New technological developments in qXL-MS will help researchers illuminate the complex world of protein conformational and interaction dynamics. In the current work we have described the synthesis and application of multiplexed iqPIR cross-linking reagents, allowing for quantitative comparison of up to six samples in a single LC-MS run. The incorporation of ¹³C and ¹⁵N isotopes at selective locations within the iqPIR cross-linkers produces isobaric cross-linked peptides. Upon isolation, fragmentation, and tandem MS analysis, these isobaric peptides display unique isotope patterns which can be used for relative quantitation across iqPIR channels. Importantly, each fragment ion containing the isotope encoded portion of the cross-linker can be used for quantitation, allowing for multiple quantitative measurements and associated statistics to be calculated from a single spectrum.

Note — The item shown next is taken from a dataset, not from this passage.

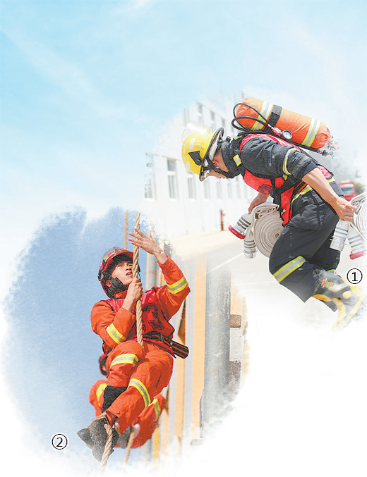 圖①、圖②為江蘇鹽城消防救援支隊(duì)西環(huán)路特勤站特勤隊(duì)員工作訓(xùn)練場(chǎng)景。胡萬春 曹兆龍攝影報(bào)道

To enable automated analysis of 6-plex iqPIR data, we present a method for quantifying peptides cross-linked with the six-channel iqPIR cross-linkers. For each cross-linked peptide pair identified in an MS2 spectrum, ions of both released peptides and their stump-containing y and b fragments are apportioned among the six overlapping channel isotope envelopes to minimize the difference with respect to expected peak intensities based on the predicted ion isotope envelopes. Using samples with standard proteins cross-linked with the six isobaric cross-linkers and mixed together at known relative concentrations, we demonstrate that the calculated qXL-MS quantitation is accurate and reproducible over a wide range of relative protein cross-link concentrations. A similar multiplexed analysis of six complex biological replicate HeLa samples resulted in calculated equimolar normalized cross-link concentrations, with pairwise channel log2ratios close to zero. A great benefit of analyzing six samples together for relative quantitation is further demonstrated by obtaining all 15 unique pairwise channel ratios for most quantified cross-links. This method is thus amenable to the quantitative analysis of time courses of environmental perturbations and treatment of cells with increasing doses of drugs. Our algorithm, furthermore, is extensible to quantitation using any number of isobaric cross-linkers with defined stump and reporter masses. XLinkDB was adapted with new features to store and display multiplex iqPIR data, paving the way for its use in large-scale qXL-MS studies such as evaluating drug treatment of breast cancer cells, described in an accompanying manuscript (Wippel et al. 2021, submitted).